1962 film by Friz Freleng

The Jet Cage is a 1962 Warner Bros. Looney Tunes cartoon directed by Friz Freleng. The short was released on September 22, 1962, and stars Tweety and Sylvester.

The voice actors are Mel Blanc (doing the voices of Sylvester, Tweety and Blackbird) and June Foray (doing the voice for Granny).

The animation was by Gerry Chiniquy, Lee Halpern, Art Leonardi, Bob Matz and Virgil Ross. The layouts were designed by Hawley Pratt and the backgrounds by Tom O'Loughlin. The original music was composed by Milt Franklyn, who died during production on April 24, and by an uncredited William Lava, who completed Franklyn's unfinished score. It was the last Tweety short directed by Freleng (Tweety's final Golden Age short, Hawaiian Aye Aye, was directed by Gerry Chiniquy).

==Plot==
Tweety sits in a bird cage in his house, looking at the birds through the window. Tweety yearns dearly to fly freely like other birds, but is not allowed to do so by Granny. That is considering his safety, as Sylvester is always lurking around waiting for a chance to capture and eat him.
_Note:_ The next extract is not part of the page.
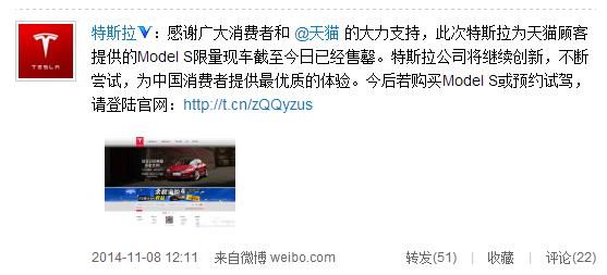 11月8日,特斯拉公司午间发布微博称,特斯拉为天猫顾客提供的Model S限量现车截至已经售罄,今后消费者若需购买Model S或预约试驾,需登录特斯拉官方网站。目前,天猫特斯拉旗舰店已关闭,所有车型信息均已下线,此前已交付定金的用户,特斯拉会继续为其服务直至整个服务完成。
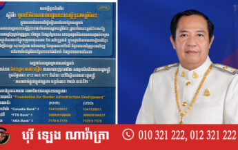 ក្រុមហ៊ុន ប៉េង ហួត គ្រុប បរិច្ចាគថវិកា ៥០ម៉ឺនដុល្លារដល់ «មូលនិធិកសាងហេដ្ឋារចនាសម្ព័ន្ធតាមព្រំដែន» ដោយផ្ដោតលើការកសាងផ្លូវក្រវាត់ព្រំដែន

Granny reads a newspaper advertisement by Jet Age Technology, which has invented a $12.95 Flying Bird Cage, which would allow birds to fly safely. Granny, who understands Tweety's longing for freedom, decides to buy the cage and presents it to Tweety. This enables Tweety to fly outdoors without leaving his cage's security.
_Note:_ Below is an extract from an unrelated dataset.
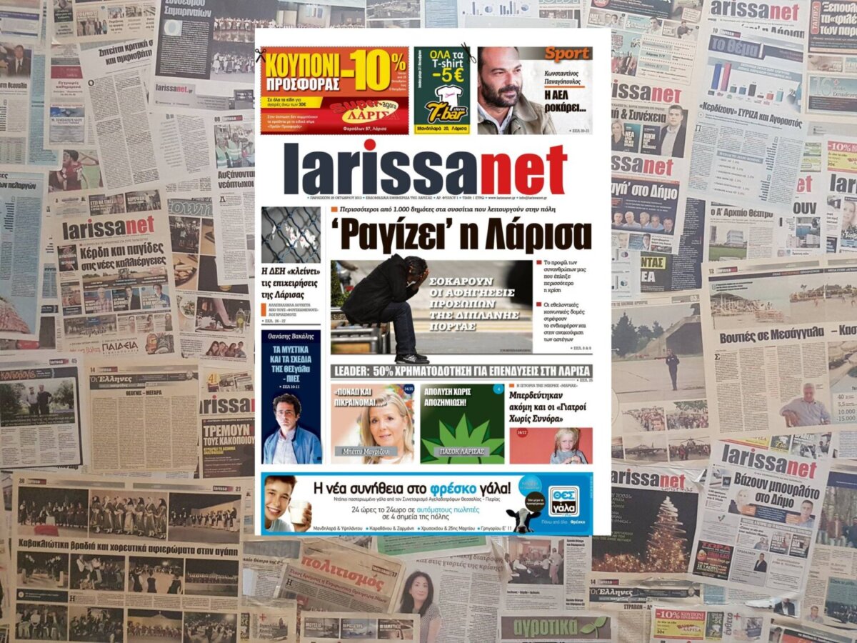 Το πρώτο φύλλο της εφημερίδας μας με τίτλο «»Ραγίζει» η Λάρισα».

Sylvester is at first taken aback at the sight of Tweety flying safely, piloting the jet-powered cage like an airplane. Two crows also watch in awe ("And all this time, I've been doing it the hard way," one crow remarks). Sylvester resolves to ground Tweety's cage and get his meal; his eyes rolling around to follow his every move.

Each of the following attempts is in vain:
- An attempt to snare the cage with a butterfly catcher's net. The jet-powered cage is strong enough to drag the butterfly net, along with the cat hanging to it, until he crashes into a light pole.
- After Tweety comes in for flying instructions ("I forgot what to do in case of fog!"), Sylvester sneaks inside the cage. Tweety eventually senses he's in trouble and releases the "bombs" into a river mid-air, just before Sylvester is about to strike.
- Sylvester then builds a "NIKE rocket" designed to intercept the flying object of interest. The rocket flies back at the cat, who ducks into a nearby barrel. However, the rocket flies into the barrel just before Sylvester hammers the lid shut from inside. Upon realizing the rocket is also in the barrel, a panicked Sylvester manages to remove the nails, but the second he attempts to step out of the barrel, the rocket explodes.
- A horseshoe-shaped magnet tied to a fishing rod. While the cage momentarily struggles against the magnet's pull (and the puddy tries to reel in his meal), Tweety manages to get the cage to break free. Sylvester is dragged into downtown traffic and crashes into a bus.
- Sylvester then uses a pair of ping-pong paddles as makeshift wings to fly beside Tweety. Sylvester gloats, mocking the bird for thinking he outsmarted him, but Tweety points out that Sylvester has his hands full. The cat tosses the paddles aside and shoots back, "Well, now I haven't!" ...just before he realizes he's in for a big fall.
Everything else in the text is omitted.